Migalhas Marítimas

Núcleo de justiça 4.0 – Direito marítimo, uma experiência em construção

O TJ/SP criou o Núcleo de Justiça 4.0 – Direito Marítimo (NDM), especializado em Direito marítimo, portuário e aduaneiro. Após nove meses, o NDM tem 390 processos em andamento, oferecendo decisões técnicas e jurídicas com segurança, em um formato digital que cobre todo o Estado.

8/8/2024

Em 27/11/23 foi instalado o Núcleo de Justiça 4.0 – Direito Marítimo (NDM), do TJ/SP.

Na data em que finalizei este artigo, 13/7/24, o NDM do TJ/SP completava quase nove meses de sua efetiva implantação, possuindo, em andamento, 390 processos.

O NDM, convém recordar, foi uma iniciativa inédita no país quando o tema é a especialização do Direito marítimo, portuário e aduaneiro.

Há experiências anteriores quando o tema é especialização, mas são diferentes do NDM, que cuida exclusivamente de julgar as demandas que tenham como objeto o Direito marítimo, portuário e aduaneiro.

Não há qualquer outra competência que lhe é agregada.
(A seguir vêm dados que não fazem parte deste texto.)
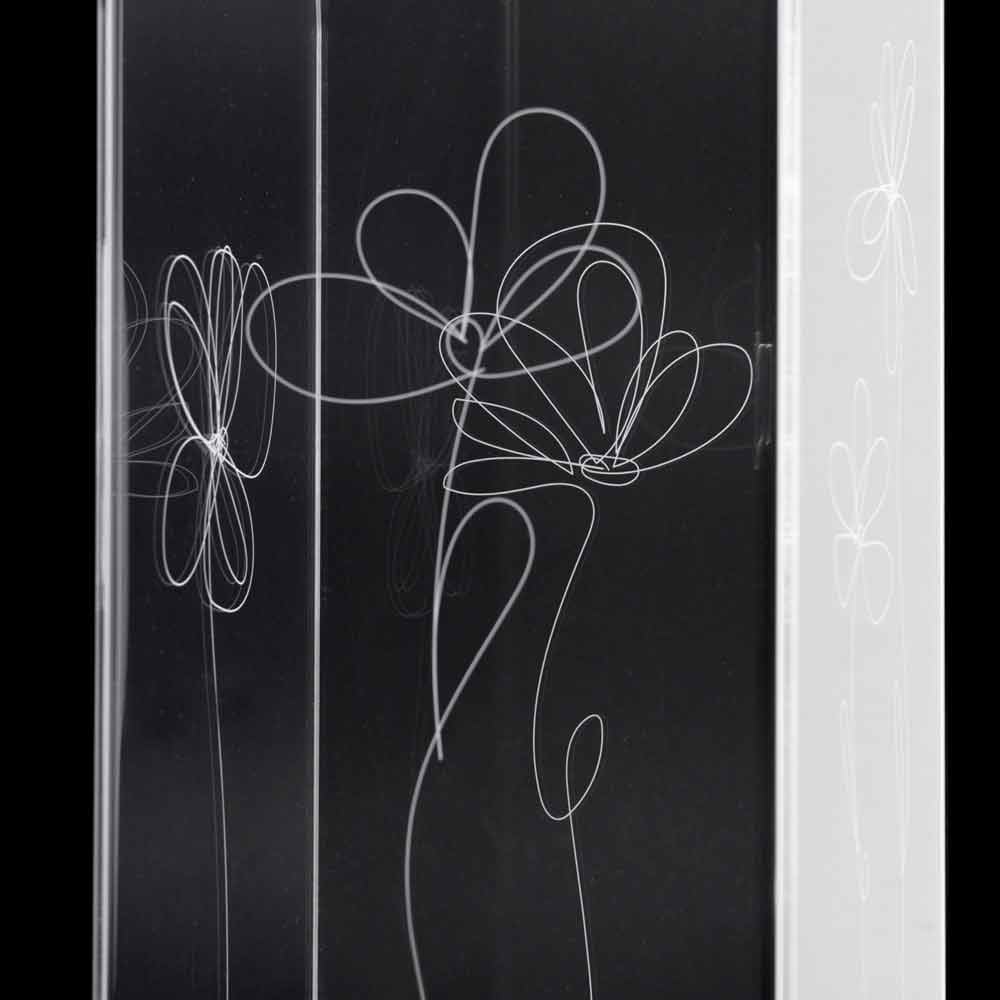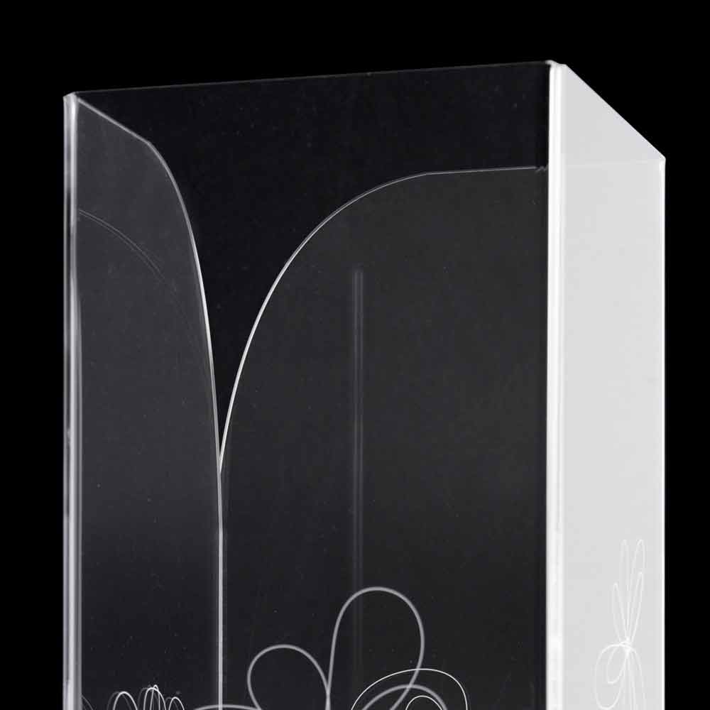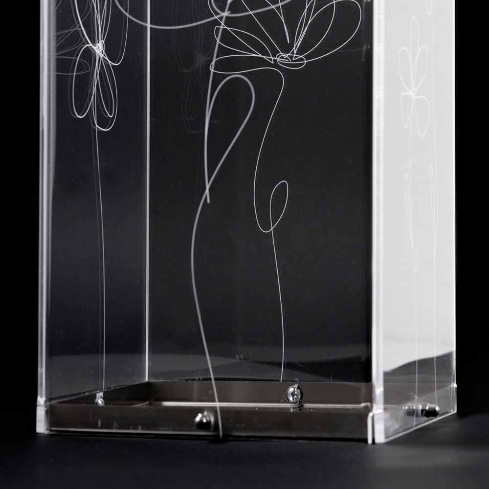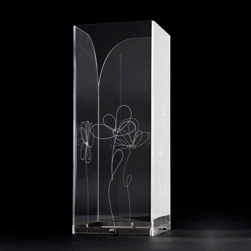 Stojan na deštník z průhledného plexiskla, který se vyznačuje laserem značenými květinovými dekoracemi se stylizovaným stylem s nerezovou základnou.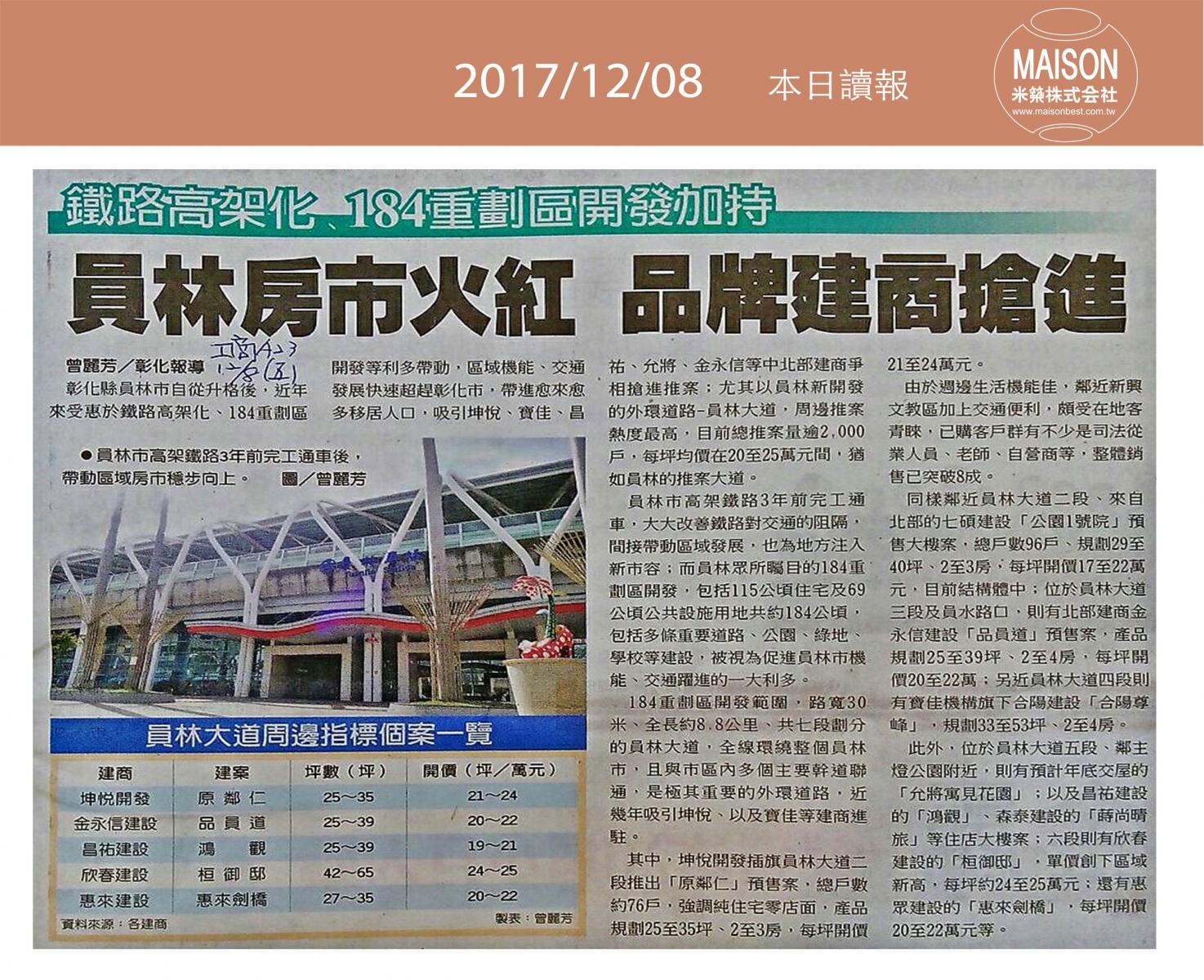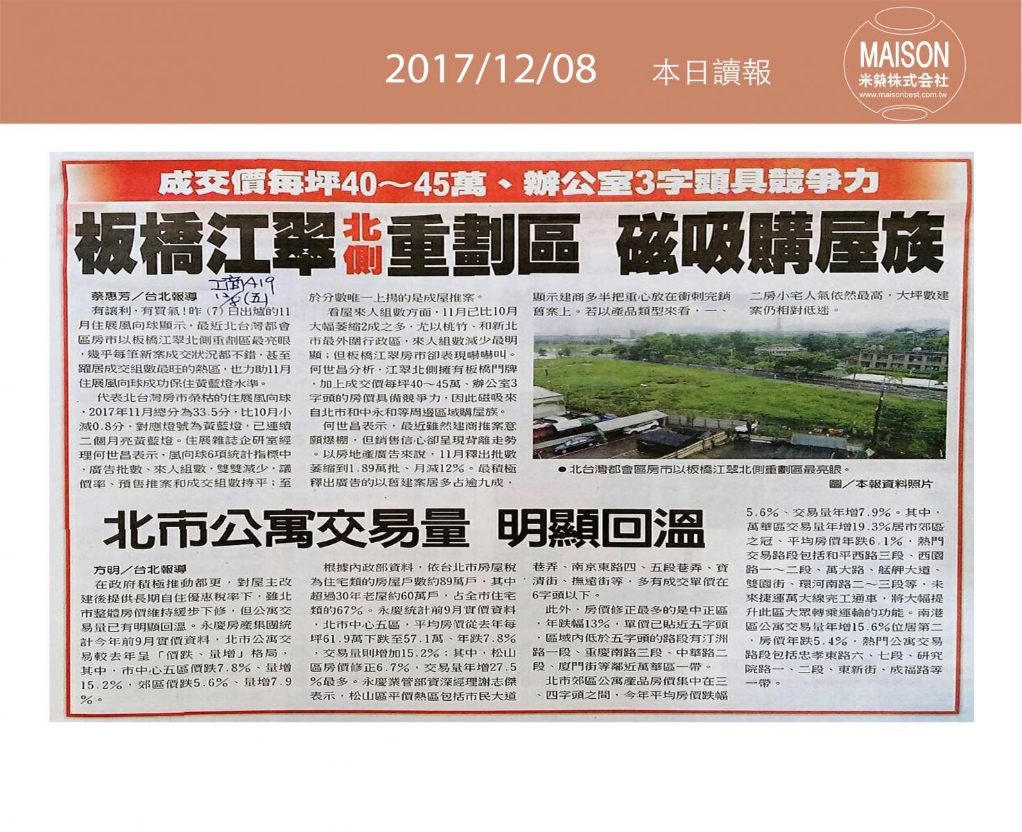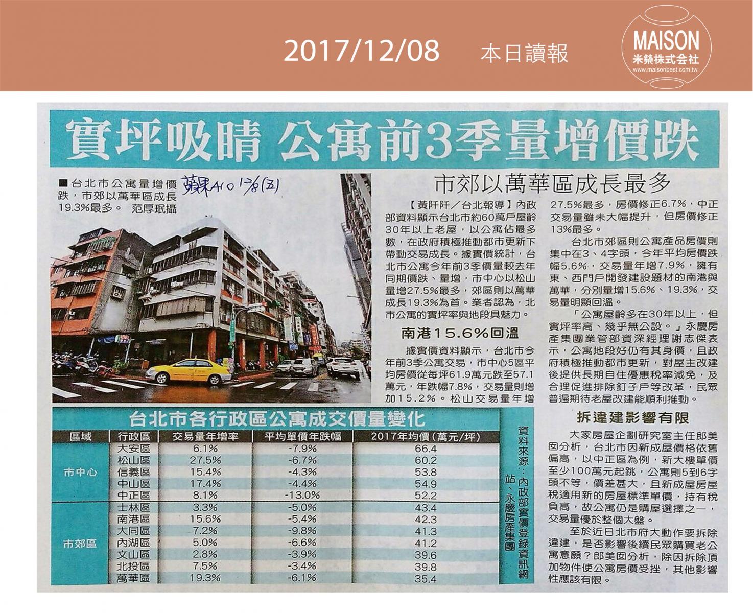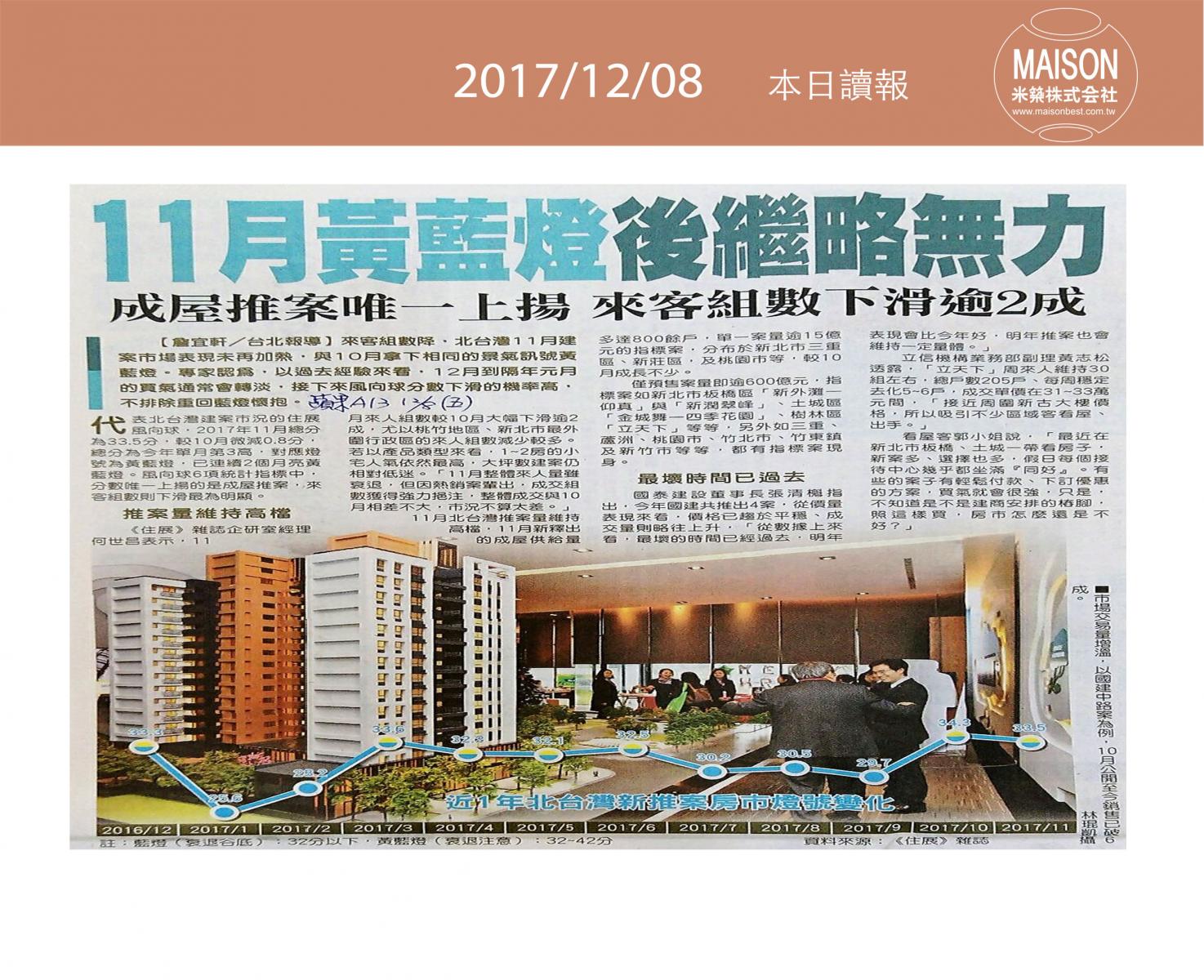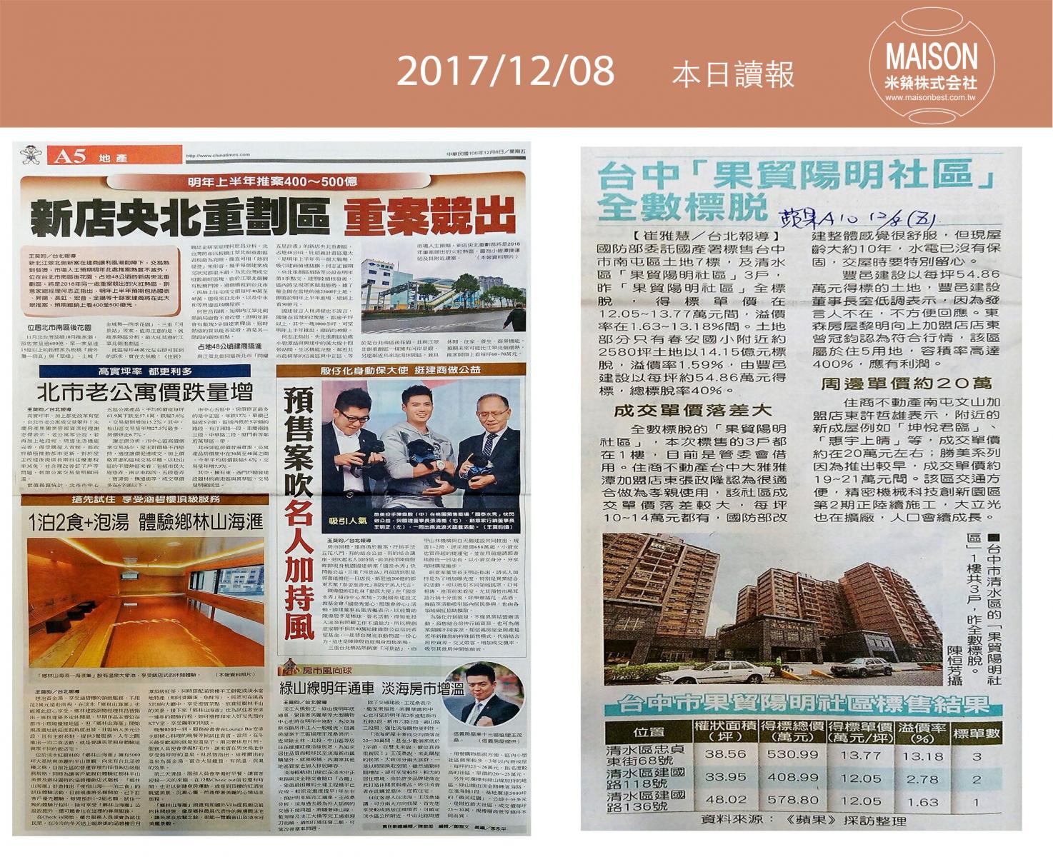 今日讀報(12/08)!1分鐘掌握財經房態今日新聞重點:實坪吸睛 公寓前三季量增價跌:員林房市火紅 品牌建商搶進:新店央北重劃區 重案競出 :11月黃藍燈後繼略無力 ………

No formato inteiramente digital, o que lhe permite abarcar a competência de todo o território do Estado de São Paulo, o NDM do TJ/SP, está habilitado para conferir segurança jurídica, na perspectiva de uma melhor decisão, a partir do conhecimento técnico/jurídico do julgador.

Com o olhar no retrovisor, não foi fácil chegar até aqui.

A construção do NDM do TJ/SP foi fruto de uma sempre necessária parceria entre OAB e Poder Judiciário que, somando esforços, após quase um ano de gestação, viabilizaram entregar um projeto viável, capaz de atender às necessidades e interesses de todos os setores, direta ou indiretamente, interessados na especialização.

Especialização é uma aspiração comum da advocacia e do Judiciário.

Fruto do seu ineditismo, o NDM do TJ/SP enfrentou resistências compreensíveis. O desconhecido assusta em qualquer setor, com mais razão nesse setor em que as demandas costumam ser de vulto econômico e de elevada repercussão nas escolhas empresariais dos interessados.

Mas, nos fixemos no presente, com o olhar no futuro.

Após esse tempo de gestação, o NDM do TJ/SP se consolidou.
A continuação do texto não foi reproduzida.